» **The task**
Reprint the lines below as they are, minus the pictures.

» **Information shown**
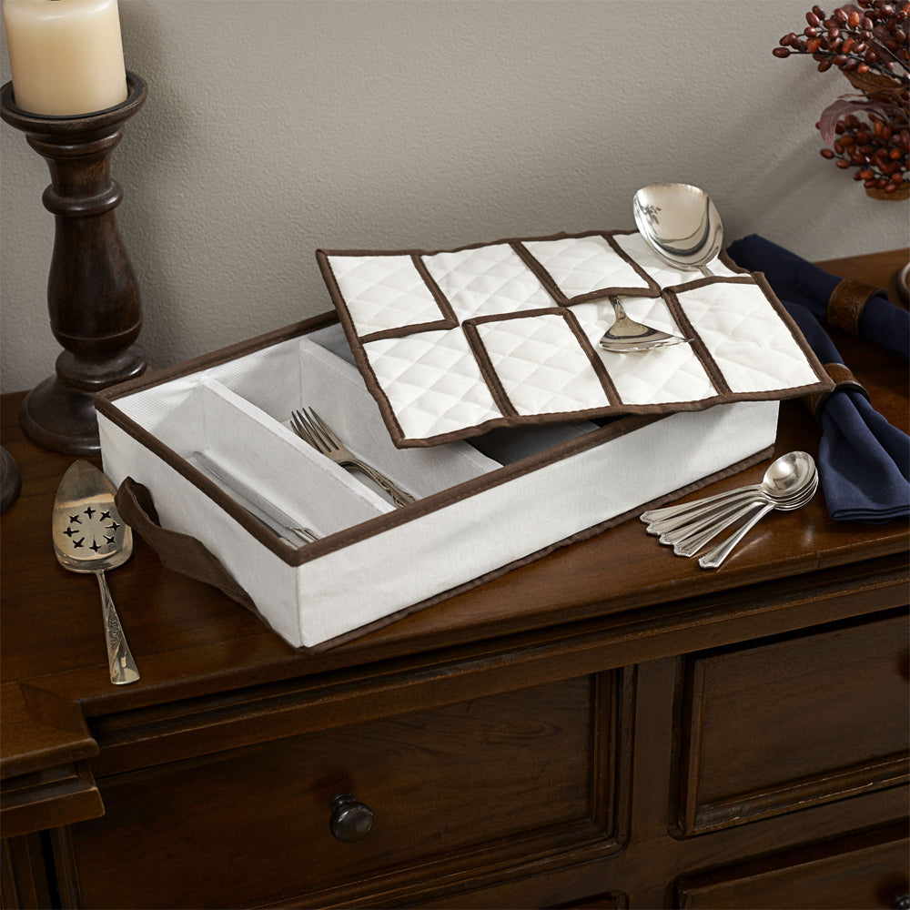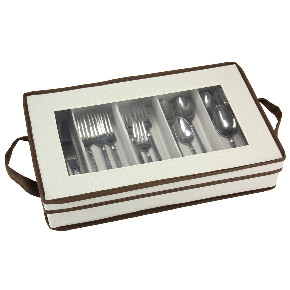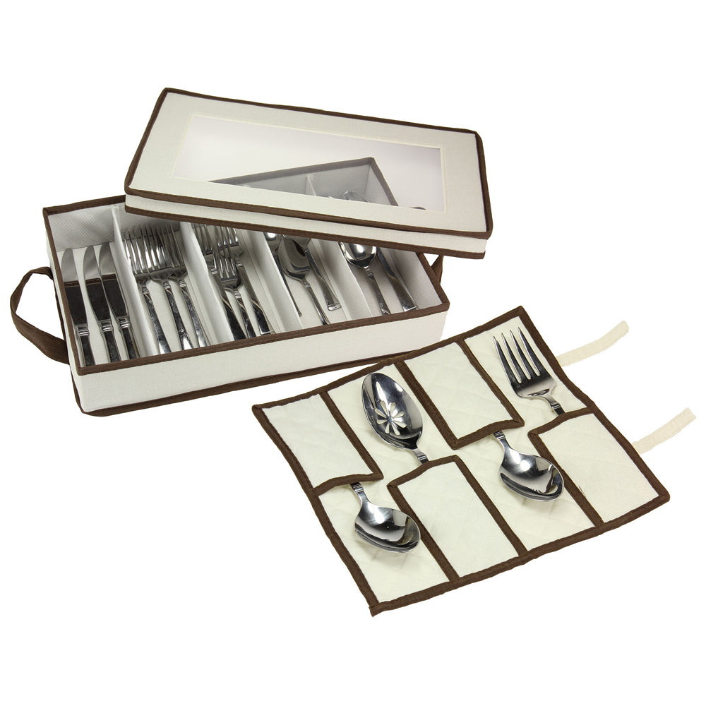 The Flatware Storage Box with Serving Pouch is designed to keep your good silverware safely stored in the china hutch. The storage box features five spacious compartments for ample storage space. The removable lid has a clear window so you can easily see the contents stored inside. Riveted handles for easy transportation.
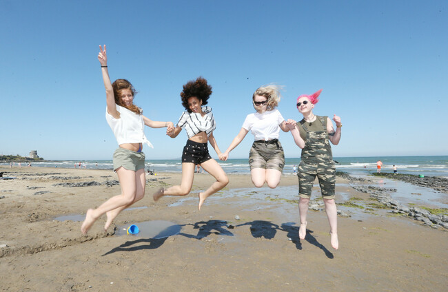 Jumping for joy on Portmarnock Beach yesterday. RollingNews.ie
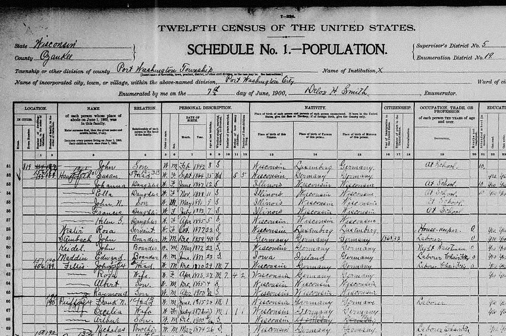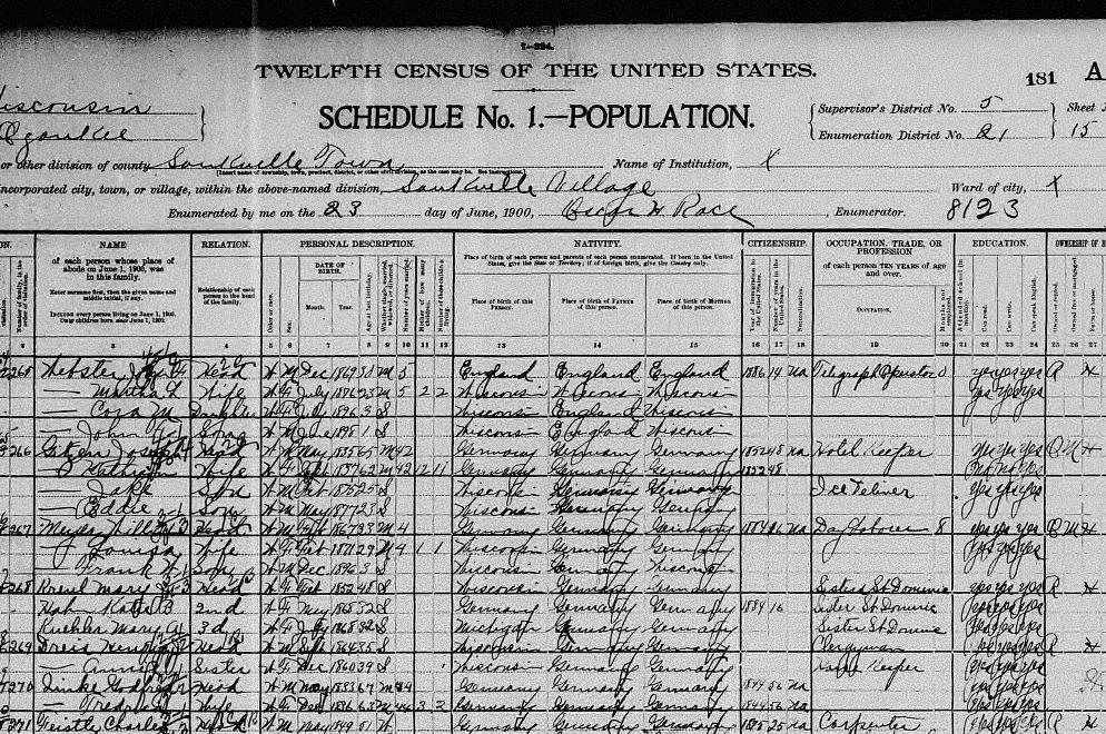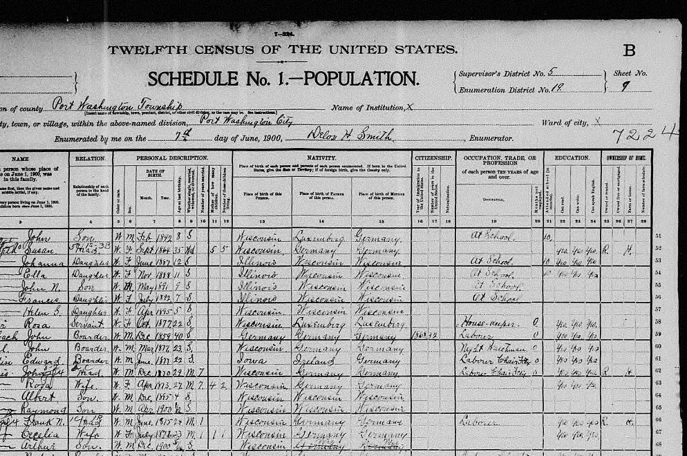 | Raymond | Son | W | M | Apr | 1900 | 1/12 | S | Wisconsin | Wisconsin | Wisconsin |

» **Exercise response**
 The Flatware Storage Box with Serving Pouch is designed to keep your good silverware safely stored in the china hutch. The storage box features five spacious compartments for ample storage space. The removable lid has a clear window so you can easily see the contents stored inside. Riveted handles for easy transportation.
 Jumping for joy on Portmarnock Beach yesterday. RollingNews.ie
 | Raymond | Son | W | M | Apr | 1900 | 1/12 | S | Wisconsin | Wisconsin | Wisconsin |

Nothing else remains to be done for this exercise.